Poznań: Ekolodzy i obrońcy praw zwierząt chcą likwidacji targowiska

Beata Marcińczyk, Katarzyna Fertsch
Nie ma bardziej tłocznego miejsca w niedzielę rano niż Sielanka - targowisko na Dębcu. Setki zwierząt właśnie tam zmienia właścicieli. Zawsze znajdą się sprzedawcy i kupujący. Jednak nie wszyscy są z Sielanki zadowoleni. Likwidacji targowiska domagają się obrońcy praw zwierząt i ekolodzy.

- Dobra, moja strata. Niech pan bierze go za dwieście - mówi do mało zdecydowanego klienta sprzedający, przy wejściu na Sielankę. W kartonie ma szczenięta. Siedzą w nim mały labrador, spaniel, śpi czarna, włochata kulka - zapewne owczarek niemiecki. Klient jeszcze się waha. Obiecuje wrócić. Przez szpaler handlujących psami, kotami, starą porcelaną, a nawet kucem, docieramy na właściwe targowisko.

A tu od koloru, do wyboru. Mieszańca labradora ze spanielem oferują dwie nastoletnie dziewczynki (obok stoi właściciel psów, który twierdzi, że dziewczyny same chciały pieski potrzymać, ale to one je zachwalają przechodniom). - Psy po 750 złotych, suczka za tysiąc - mówią Anita i Piotr, którzy mają nadzieję, że uda im się sprzedać dziewięciotygodniowe yorki. Zostały im trzy. Resztę udało się sprzedać przez internet. - Sielanka to dla nas ostateczność. Psy są zdrowe, odrobaczone, ostrzyżone, ale ich utrzymanie kosztuje - dodają.

Są również gołębie (pocztowe po 10 zł), papugi (para rozelli białolicych za 250 zł), papużki faliste (po 15 zł), a między nimi skaczące pluszaki za 15-20 złotych, koszyki z wikliny, bazie, pisanki i dziesiątki innych towarów.

Szukamy lekarza weterynarii. Nie ma go. Godfryd Kuryło, prezes Poznańskiego Związku Hodowców Gołębi Rasowych i Drobiu Ozdobnego, który targowiskiem zarządza twierdzi, że nie musi go być. - To jest przecież obowiązek właściciela zwierzęcia, który odpowiada za to, czy zostało ona zaszczepione - zaznacza Godfryd Kuryło.
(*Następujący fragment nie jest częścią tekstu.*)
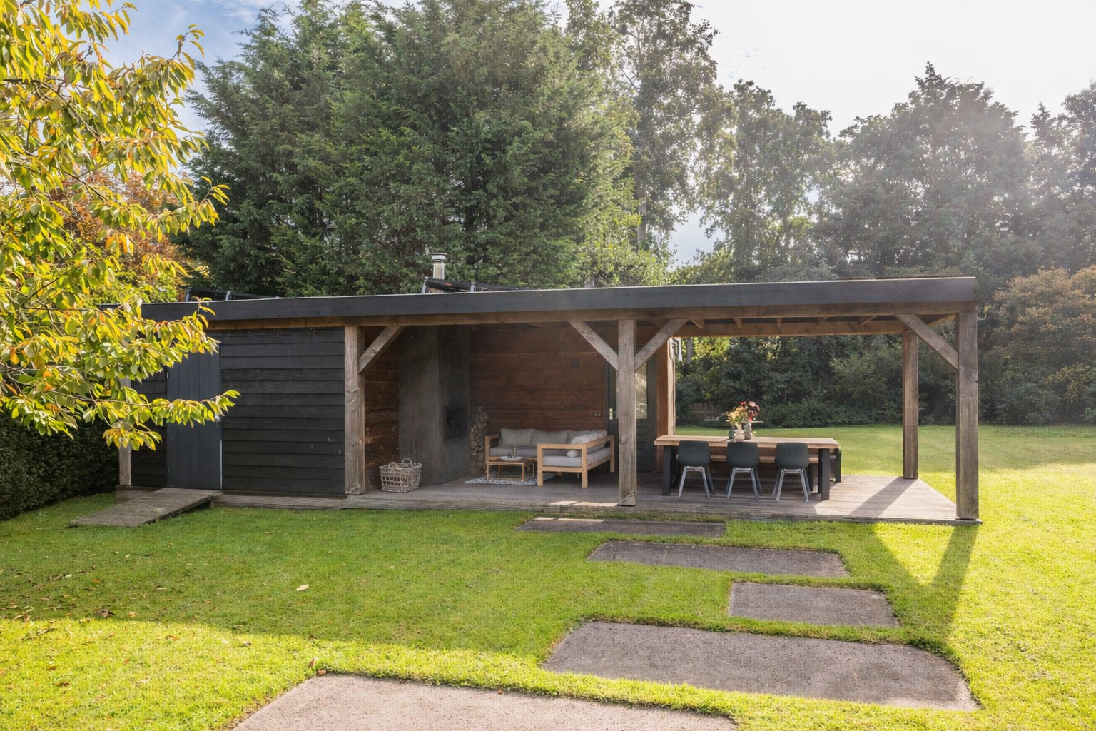 The back garden is very spacious and well landscaped. There is a lovely veranda with a wood-burning stove, seating area, storage space, electricity, lighting and (cold) water. There is also a spacious chicken coop in the garden, which will remain.

Likwidacji Sielanki od lat domaga się Towarzystwo Opieki nas Zwierzętami. Zdaniem jego członków, targowisko "nakręca" nielegalne hodowle. Podobnego zdania są inne organizacje ekologiczne, między innymi Fundacja Agapeanimali. - Jesteśmy przeciwni działaniu Sielanki, jako targowiska, na którym odbywa się handel zwierzętami - mówi Anita Osuch z fundacji. - Jego funkcjonowanie nie jest "zapotrzebowaniem społecznym". To miejsce, które pozwala różnym hodowcom i pseudohodowcom pozbywać się miotów! A skoro jest takie miejsce, gdzie istnieje możliwość niekontrolowanej zupełnie sprzedaży zwierząt, to dla niektórych znaczy to samo, co możliwość bardzo łatwego oraz szybkiego zarobku. Skoro można dostać 10 złotych za szczeniaka to po co wydawać pieniądze na sterylizację suczki?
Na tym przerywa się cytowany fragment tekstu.